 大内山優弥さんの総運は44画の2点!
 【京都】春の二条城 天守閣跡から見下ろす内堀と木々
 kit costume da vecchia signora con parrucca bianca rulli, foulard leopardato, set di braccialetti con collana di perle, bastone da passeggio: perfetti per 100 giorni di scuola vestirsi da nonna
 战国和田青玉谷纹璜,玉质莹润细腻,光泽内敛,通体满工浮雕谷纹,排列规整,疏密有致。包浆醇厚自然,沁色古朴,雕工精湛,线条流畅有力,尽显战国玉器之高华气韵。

...

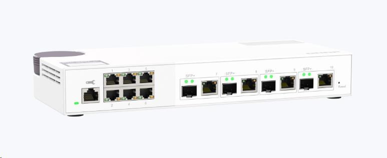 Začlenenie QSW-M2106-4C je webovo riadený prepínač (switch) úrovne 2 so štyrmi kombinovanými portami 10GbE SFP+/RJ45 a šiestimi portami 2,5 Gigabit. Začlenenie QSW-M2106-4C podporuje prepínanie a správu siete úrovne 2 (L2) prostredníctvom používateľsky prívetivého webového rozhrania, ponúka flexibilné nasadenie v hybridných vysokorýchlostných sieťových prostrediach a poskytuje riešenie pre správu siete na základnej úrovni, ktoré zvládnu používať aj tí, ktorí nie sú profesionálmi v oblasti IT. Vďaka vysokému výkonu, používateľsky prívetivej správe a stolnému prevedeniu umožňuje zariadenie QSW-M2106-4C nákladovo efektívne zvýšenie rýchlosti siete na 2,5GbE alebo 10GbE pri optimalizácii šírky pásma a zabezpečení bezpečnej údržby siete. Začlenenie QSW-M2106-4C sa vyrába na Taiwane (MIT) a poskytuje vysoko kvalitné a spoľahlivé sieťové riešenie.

---

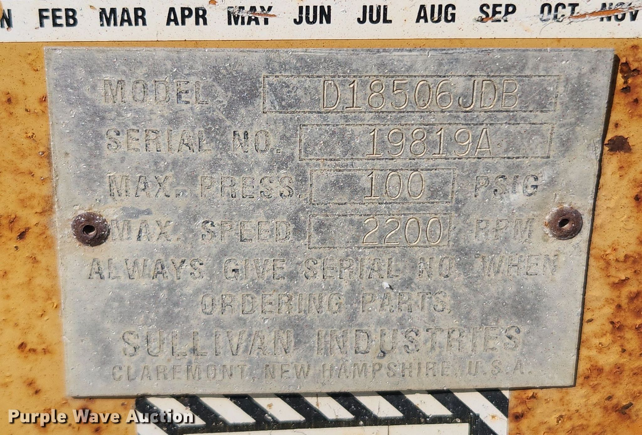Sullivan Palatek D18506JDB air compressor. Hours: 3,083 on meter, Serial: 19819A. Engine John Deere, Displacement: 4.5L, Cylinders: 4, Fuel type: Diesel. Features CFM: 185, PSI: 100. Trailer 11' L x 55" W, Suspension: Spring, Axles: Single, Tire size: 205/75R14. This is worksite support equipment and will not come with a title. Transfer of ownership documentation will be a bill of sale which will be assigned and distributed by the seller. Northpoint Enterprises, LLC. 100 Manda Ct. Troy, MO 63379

[Task directions]:
Beginning with the line holding "大内山優弥さんの総運は44画の2点!" and ending with the line holding "战国和田青玉谷纹璜,玉质莹润", write out the stretch of material above exactly; add no further lines.

[Solution for this exercise]:
 大内山優弥さんの総運は44画の2点!
 【京都】春の二条城 天守閣跡から見下ろす内堀と木々
 kit costume da vecchia signora con parrucca bianca rulli, foulard leopardato, set di braccialetti con collana di perle, bastone da passeggio: perfetti per 100 giorni di scuola vestirsi da nonna
 战国和田青玉谷纹璜,玉质莹润细腻,光泽内敛,通体满工浮雕谷纹,排列规整,疏密有致。包浆醇厚自然,沁色古朴,雕工精湛,线条流畅有力,尽显战国玉器之高华气韵。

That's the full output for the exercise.